RB has been very kind to state they would supply at cost(same again) or OS Giken would try and Improve on the Unit *at a cost of nearly 5k*, however reiterating still no guarantee it would hold



To me that's like saying, buy this tyre and it's good for very high speed, and is better than fitted, your OEMs were ok for 197mph, so you buy 

The tyre explodes at 210mph , is it your fault, because you were doing the speed? Now the Manufacturer said No worries buy this one, and have another go , but we cant promise Lol

Have we made the most Powerful GTR in the world using this Product ? 

I think we need to know, Just think on ,what if it were your money!


----------



## MattGTR750 (Apr 26, 2012)

F**K OS GIKEN hope you get your money back!


----------



## MIKEGTR (Jul 8, 2005)

[email protected] said:


> Enshiu WTF !
> How is this good News?
> kk


Ignore him Kev he has tooth in brain


----------



## alex_123_fra (Mar 26, 2008)

It is unfortunate that you didn't get your money back but if OS Giken had obliged, I suspect that would have put them at considerable risk. If I were them, I would have paid back just out of goodwill towards the customer.

Not entirely sure many companies will be guaranteeing their parts (diff, clutch or otherwise) against failure at 1000+ hp. They may say we "rate this product up to x level of torque". There is still a comparatively high change of failure purely due to the forces involved and that is not even getting into the argument about what constitutes abuse of a setup or part. Even if a spec existed and you took them to court, they would still argue around your use of the setup (Adam will of course know much more about this).

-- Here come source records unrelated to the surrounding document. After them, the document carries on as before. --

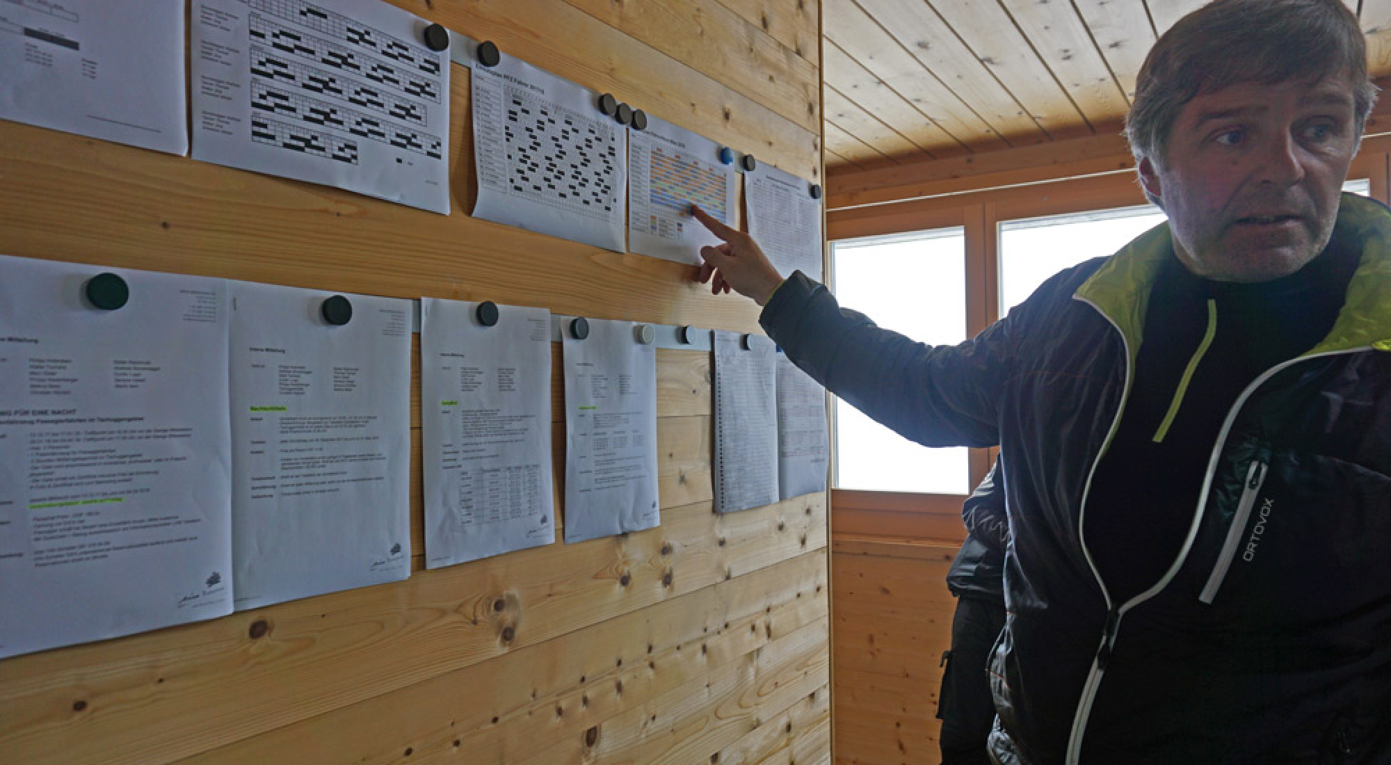 Wenn es dann doch zu einem unkontrollierten Lawinenabgang kommt, gibt es in der Zentrale der Pistenrettung eine Checkliste, die abgearbeitet wird. Gemeldet wird ein Lawinenabgang in der Regel per Telefon, dann werden Informationen wie Ort und Anzahl der Verschütteten abgefragt. Diese Meldung wird dann weitergegeben an die Rega, die Schweizerische Rettungsflugwacht. Meist geht dann erstmal eine Person mit dem Nötigsten los und schaut sich die Lage vor Ort an, um Meldung zu geben, was gebraucht wird. “Meistens stellt er fest, dass nichts ist”, berichtet Wadi und fügt hinzu: “Gott sei Dank!” Kommt es aber doch zu einem Einsatz, können je nach Größe der Lawine bis zu 200 Personen bei einem Notfall beteiligt sein.
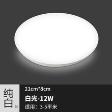 LED吸顶灯具圆形简约现代卧室灯阳灯台厨卫过道灯饰 纯白21cm白光12W
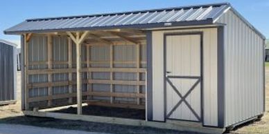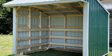 The Run In Shed is a great solution for giving your horses, mules, donkeys, goats, or other hoofed animals some relief from the sun, rain, wind or hail. Our run-in sheds are metal-covered. The interior walls have kickboards, to protect the metal siding from kicks that could cause dents. The floors are open to the natural earth but are braced to maintain strength for a lifetime.
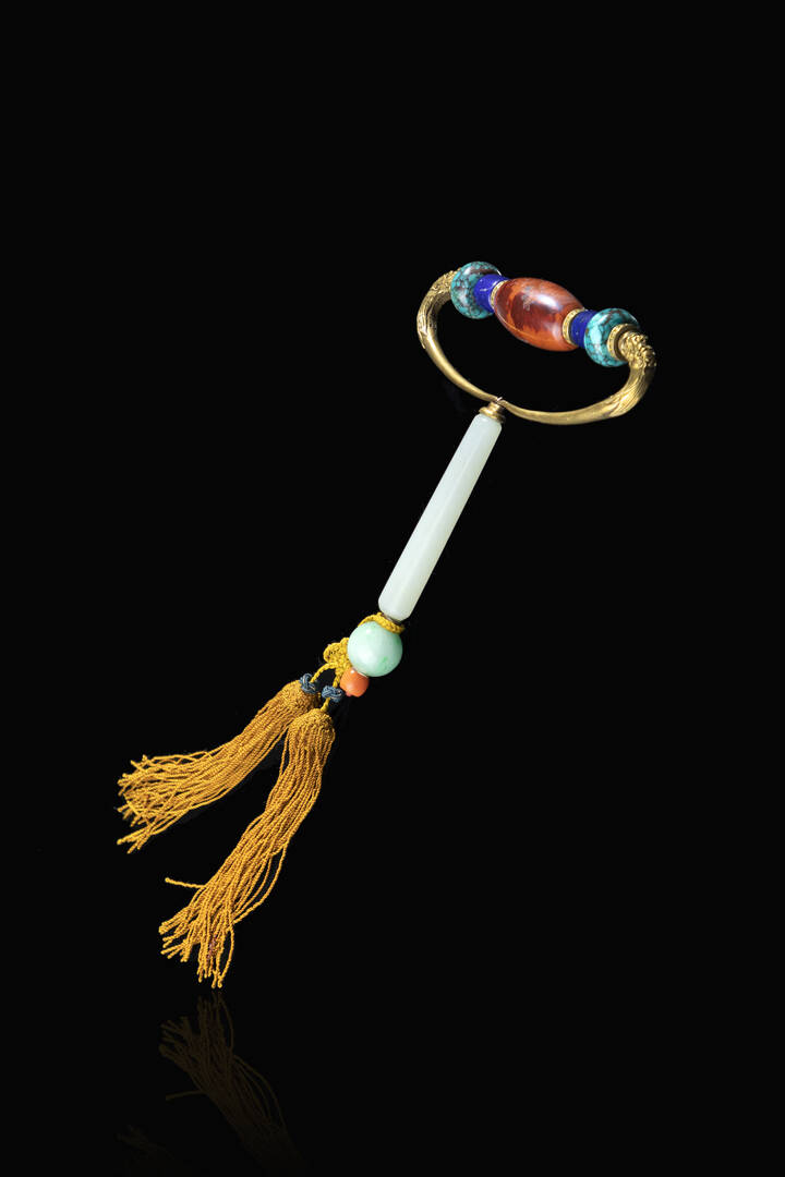 Massaggiatore per occhi in pietre dure e dettagli in giada, Cina, dinastia Qing, XIX secolo.
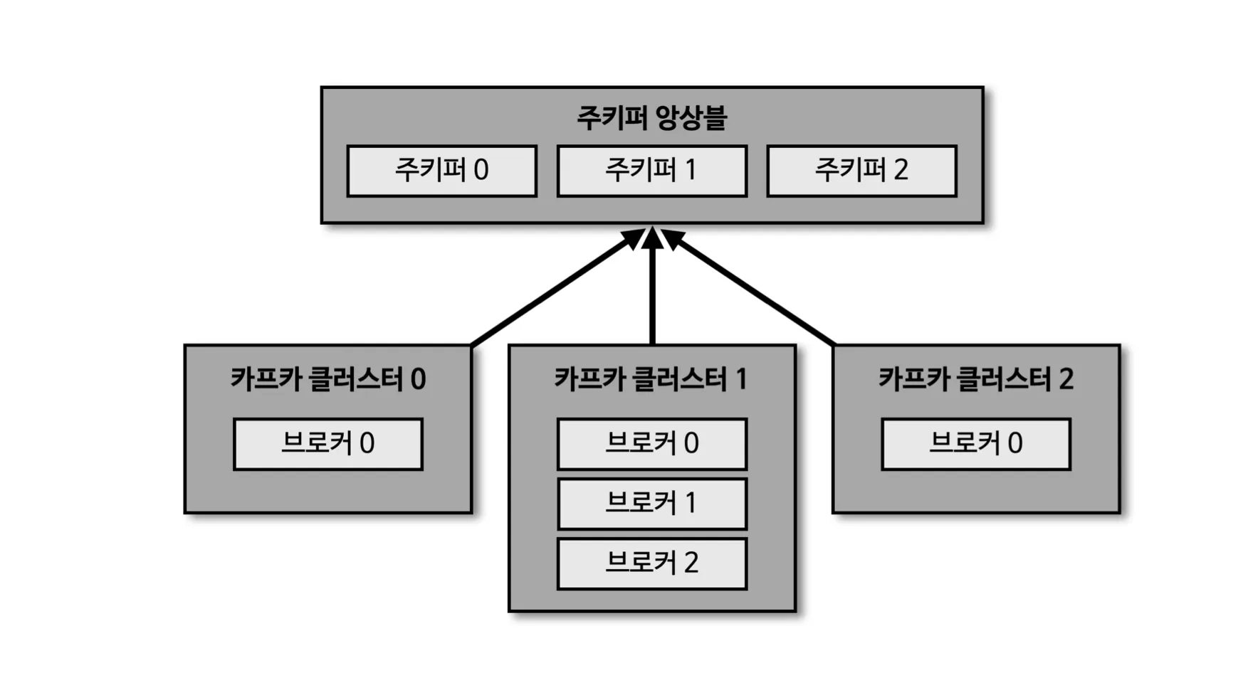 여러개의 카프카 클러스터가 연결된 주키퍼
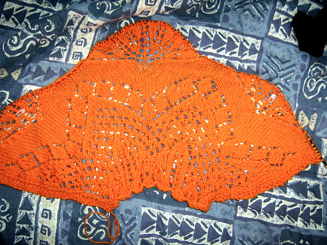 I added some increases along the edges in the netting section to build up to the chevron. Somewhere along the way my chevron ended up a few stitches wider than the original so there is one more diamond along the sides and a few more rows getting to the peak. It all worked out so I'm not going to worry about it, even if I do end up going WTF about the whole thing. You can also see the start of the final motif forming between the chevron points, and how the edge of the final shawl will be scalloped.
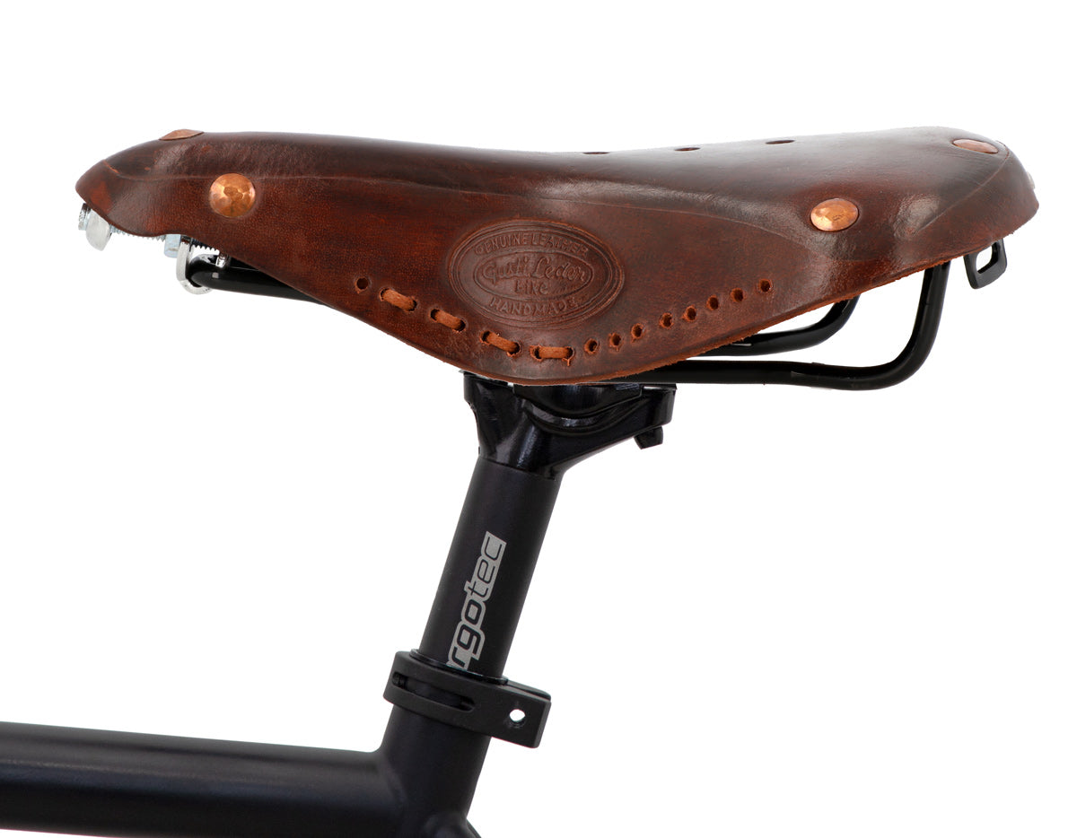 If you’re looking for a leather saddle that looks chic on your Fixie as well as your mum’s Dutch bike, then you can’t go wrong with “Bernard H.”. Thanks to its timeless design and high-quality leather, this saddle doesn’t just look good on your bike, it means you’ll turn heads on every bike ride too.
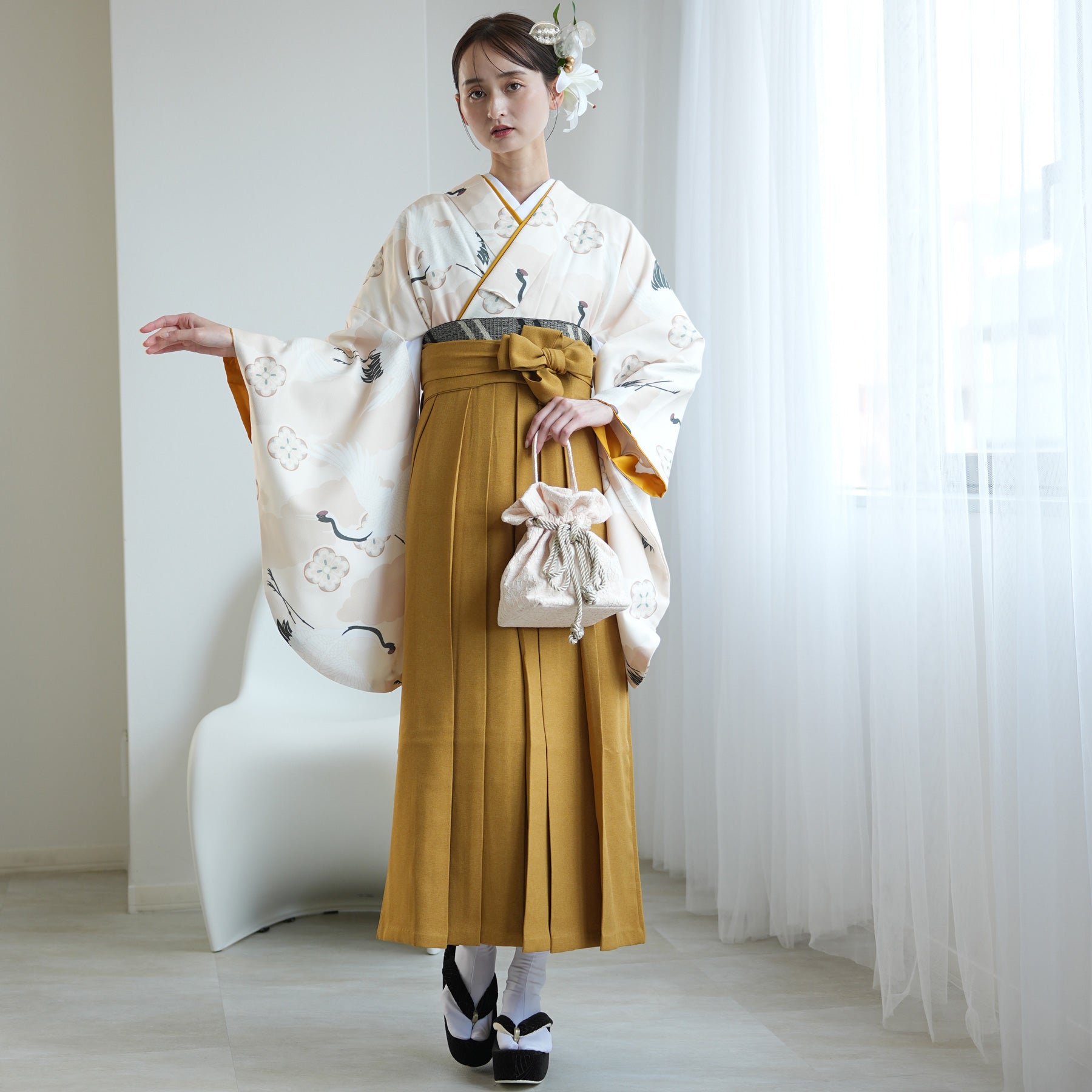 古典柄にマスタードカラーの袴がポイント。
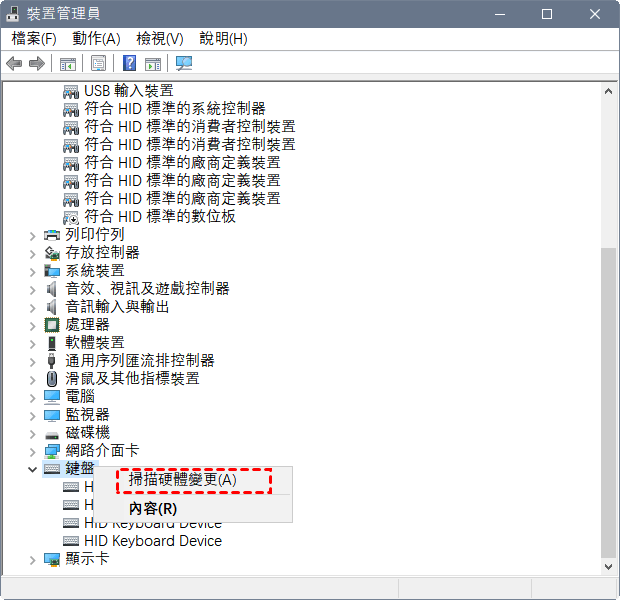 5、再次右鍵點選“鍵盤”,選擇“掃描硬體變更”就可以自動重新安裝鍵盤的驅動程式了。

Without meaning to sound heartless, if I were spending so much on an enormous level of modification, I wouldn't expect any money back if something broke unless it came with a very specific warranty and I had a legitimate claim. The reality is, stuff just has a high chance of breaking at such levels of tune. The fact that OEM parts remained fine in this case is irrelevant and purely chance.


----------



## johnhanton57 (May 2, 2009)

quite clearly OS Giken is good for* 20 BHP and 20 lb ft. * They are for sure good for this but if you want to push more beware. Normally a company would challenge my figires but as OS Giken don't publish any numbers mine are just as good as their lack of numbers,

So unless challenged 20 bhp and 20 lbs ft in an R-35 is all you should expect. Of course i could be wrong and OS Giken will correct me with REAL numbers before you ALL WASTE YOUR CASH on a NAME!


----------



## johnhanton57 (May 2, 2009)

Adamantium said:


> Did you get your money back?
> 
> Personally I don't think you can complain about not having a specification from them before you buy. No one held a gun to your head and made you buy it without a specification.


No money just **** off no specifications just BS.....dont buy please:bawling:


----------



## johnhanton57 (May 2, 2009)

enshiu said:


> After all the hassle. Good news.


Great news the Japs ran away and deserted their product


----------



## johnhanton57 (May 2, 2009)

mindlessoath said:


> good news to know the limit of the product
> 
> and that we can finally move on and choose stock and or get a new product for those power levels.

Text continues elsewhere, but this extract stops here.